See our latest analysis for CARV

What does CARV’s beta value mean?

With a five-year beta of 0.69, Carver Bancorp appears to be a less volatile company compared to the rest of the market. The stock will exhibit muted movements in both the downside and upside, in response to changing economic conditions, whereas the general market may move by a lot more. CARV’s beta indicates it is a stock that investors may find valuable if they want to reduce the overall market risk exposure of their stock portfolio.

Does CARV’s size and industry impact the expected beta?

A market capitalisation of USD $12.23M puts CARV in the category of small-cap stocks, which tends to possess higher beta than larger companies. Moreover, CARV’s industry, thrifts and mortgage finance, is considered to be cyclical, which means it is more volatile than the market over the economic cycle. As a result, we should expect a high beta for the small-cap CARV but a low beta for the thrifts and mortgage finance industry. This is an interesting conclusion, since both CARV’s size and industry indicates the stock should have a higher beta than it currently has. There may be a more fundamental driver which can explain this inconsistency, which we will examine below.

NasdaqCM:CARV Income Statement Nov 22nd 17
NasdaqCM:CARV Income Statement Nov 22nd 17

Is CARV’s cost structure indicative of a high beta?

During times of economic downturn, low demand may cause companies to readjust production of their goods and services. It is more difficult for companies to lower their cost, if the majority of these costs are generated by fixed assets. Therefore, this is a type of risk which is associated with higher beta. I test CARV’s ratio of fixed assets to total assets in order to determine how high the risk is associated with this type of constraint. Considering fixed assets is virtually non-existent in CARV’s operations, it has low dependency on fixed costs to generate revenue. As a result, the company may be less volatile relative to broad market movements, compared to a company of similar size but higher proportion of fixed assets. This is consistent with is current beta value which also indicates low volatility.

What this means for you:

Are you a shareholder? You may reap the benefit of muted movements during times of economic decline by holding onto CARV. Its low fixed cost also means that, in terms of operating leverage, its costs are relatively malleable to preserve margins. I recommend analysing the stock in terms of your current portfolio composition before increasing your exposure to the stock. For more company-specific research on CARV, check out our our free analysis plaform here.
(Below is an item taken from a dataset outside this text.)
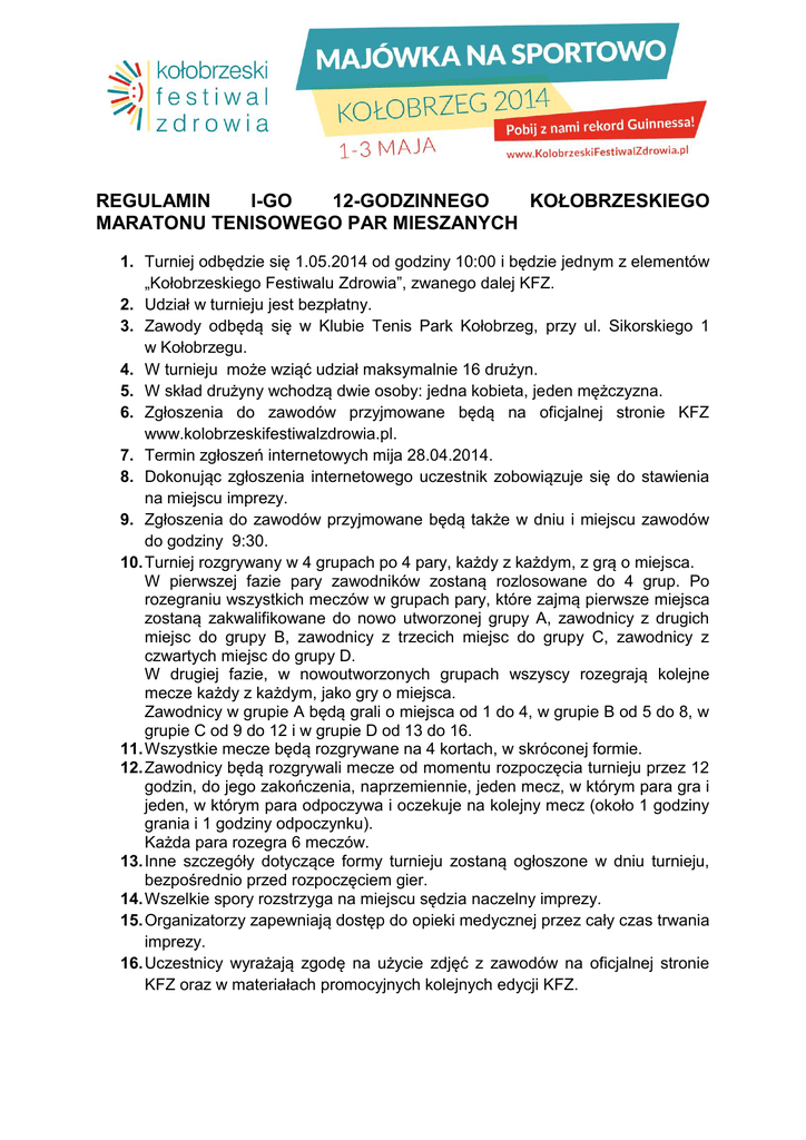 REGULAMIN I-GO 12-GODZINNEGO KOŁOBRZESKIEGO MARATONU TENISOWEGO PAR MIESZANYCH 1. Turniej odbędzie się 1.05.2014 od godziny 10:00 i będzie jednym z elementów „Kołobrzeskiego Festiwalu Zdrowia”, zwanego dalej KFZ. 2. Udział w turnieju jest bezpłatny. 3. Zawody odbędą się w Klubie Tenis Park Kołobrzeg, przy ul. Sikorskiego 1 w Kołobrzegu. 4. W turnieju może wziąć udział maksymalnie 16 drużyn. 5. W skład drużyny wchodzą dwie osoby: jedna kobieta, jeden mężczyzna. 6. Zgłoszenia do zawodów przyjmowane będą na oficjalnej stronie KFZ www.kolobrzeskifestiwalzdrowia.pl. 7. Termin zgłoszeń internetowych mija 28.04.2014. 8. Dokonując zgłoszenia internetowego uczestnik zobowiązuje się do stawienia na miejscu imprezy. 9. Zgłoszenia do zawodów przyjmowane będą także w dniu i miejscu zawodów do godziny 9:30. 10. Turniej rozgrywany w 4 grupach po 4 pary, każdy z każdym, z grą o miejsca. W pierwszej fazie pary zawodników zostaną rozlosowane do 4 grup. Po rozegraniu wszystkich meczów w grupach pary, które zajmą pierwsze miejsca zostaną zakwalifikowane do nowo utworzonej grupy A, zawodnicy z drugich miejsc do grupy B, zawodnicy z trzecich miejsc do grupy C, zawodnicy z czwartych miejsc do grupy D. W drugiej fazie, w nowoutworzonych grupach wszyscy rozegrają kolejne mecze każdy z każdym, jako gry o miejsca. Zawodnicy w grupie A będą grali o miejsca od 1 do 4, w grupie B od 5 do 8, w grupie C od 9 do 12 i w grupie D od 13 do 16. 11. Wszystkie mecze będą rozgrywane na 4 kortach, w skróconej formie. 12. Zawodnicy będą rozgrywali mecze od momentu rozpoczęcia turnieju przez 12 godzin, do jego zakończenia, naprzemiennie, jeden mecz, w którym para gra i jeden, w którym para odpoczywa i oczekuje na kolejny mecz (około 1 godziny grania i 1 godziny odpoczynku). Każda para rozegra 6 meczów. 13. Inne szczegóły dotyczące formy turnieju zostaną ogłoszone w dniu turnieju, bezpośrednio przed rozpoczęciem gier. 14. Wszelkie spory rozstrzyga na miejscu sędzia naczelny imprezy. 15. Organizatorzy zapewniają dostęp do opieki medycznej przez cały czas trwania imprezy. 16. Uczestnicy wyrażają zgodę na użycie zdjęć z zawodów na oficjalnej stronie KFZ oraz w materiałach promocyjnych kolejnych edycji KFZ. 17. Wszyscy uczestnicy turnieju otrzymają pamiątkowe koszulki oraz medale i dyplomy za udział w turnieju, a za pierwsze trzy miejsca pary zawodników otrzymają dodatkowo okolicznościowe statuetki.

Are you a potential investor? Before you buy CARV, you should look at the stock in conjunction with their current portfolio holdings. CARV may be a great cushion during times of economic downturns due to its low beta and low fixed cost. However, in addition to this, I recommend taking into account its fundamentals as well before jumping into the investment. Continue your research on the stock with our free fundamental research report for CARV here.


To help readers see pass the short term volatility of the financial market, we aim to bring you a long-term focused research analysis purely driven by fundamental data. Note that our analysis does not factor in the latest price sensitive company announcements.

The author is an independent contributor and at the time of publication had no position in the stocks mentioned.